Your XW is pursuing you hot & heavy. If she doesn't know who & what she is outside of a relationship, maybe she needs more time alone. There are a lot of people who have no self identity outside of their job or relationship. I don't think it is a good decision to enter into another long-term relationship with her, feeling as uncertain as you currently feel. Have you dated others since being divorced? How would you feel if your XW had a date with someone now, since you've been dating her? I mean, is this an exclusive dating relationship? If she is talking marriage, then you know she is serious. That doesn't mean you must go along with it, but if you are gun shy, then you need to tell her very clearly.....and tell her that she must slow down and stop talking marriage, or risk losing you. Let me add something else. She is being on her very best behavior, b/c she is trying to convince you to marry her. However, nothing has been resolved from the past MR. Hopefully, she has ended her GGW lifestyle, and corrected her wayward behavior and mindset.......but good actress can fake it for awhile. She has already demonstrated a negative side, when she over reacted to you attending that party without her. Maybe she had cause to be upset, but regardless.....her actions were extreme. Was she reacting b/c she has a need to manipulate you, or was she hurt? Lately, you kind of down play her reactions, but you need to see them as a red flag.

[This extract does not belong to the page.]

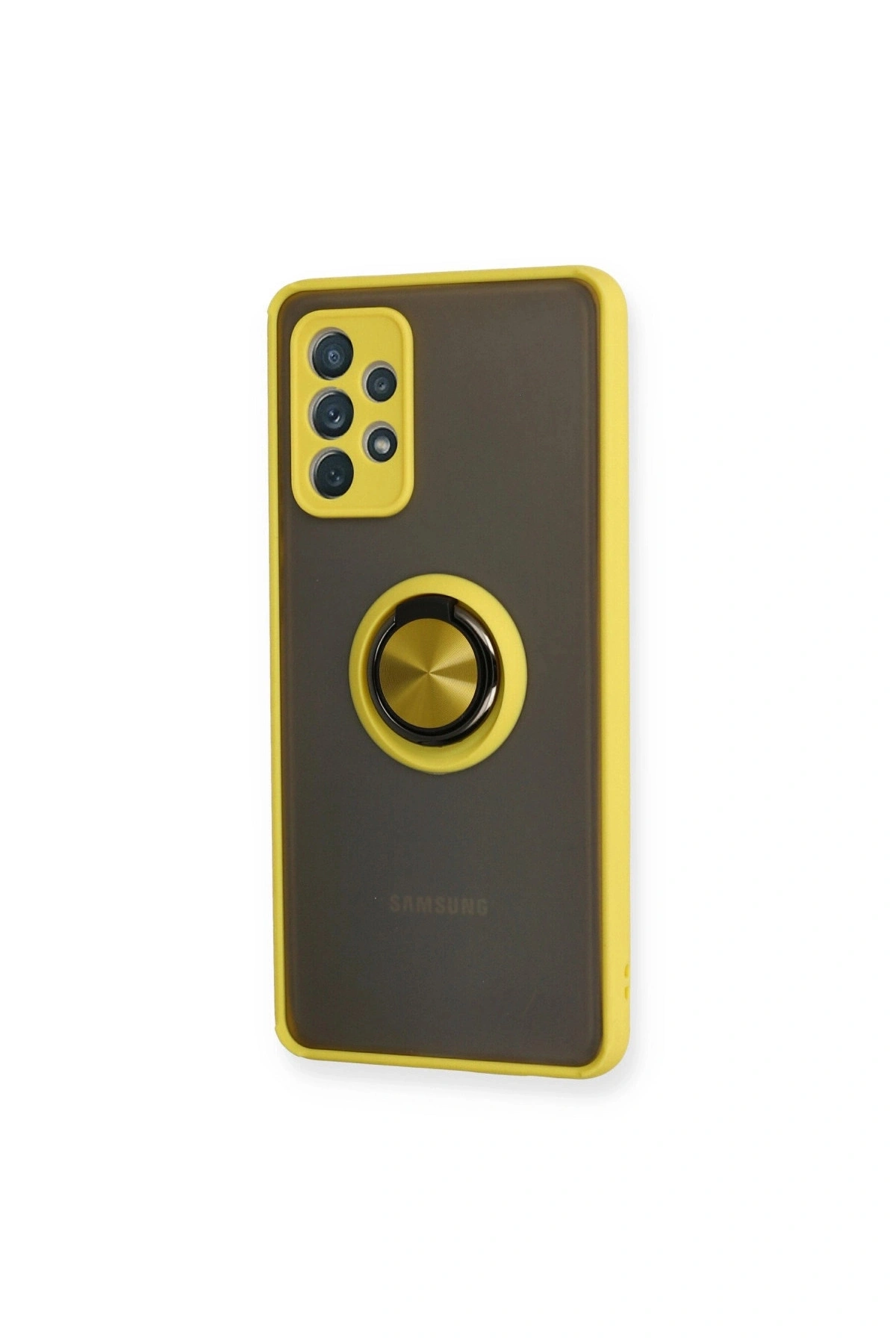 Samsung Galaxy A72 Kılıf Montreal Yüzüklü Silikon Kapak - Sarı

Please continue to take things very slowly. Ask yourself why she is in such a rush to get you to marry her. Do you need to explore dating others before settling down again? If so, then end it with your XW. The longer you date her, the more she is going to feel she has rights to you........know what I mean?


It is not about what you feel should work in your M. It is about doing the work that gets the right results. Do what works!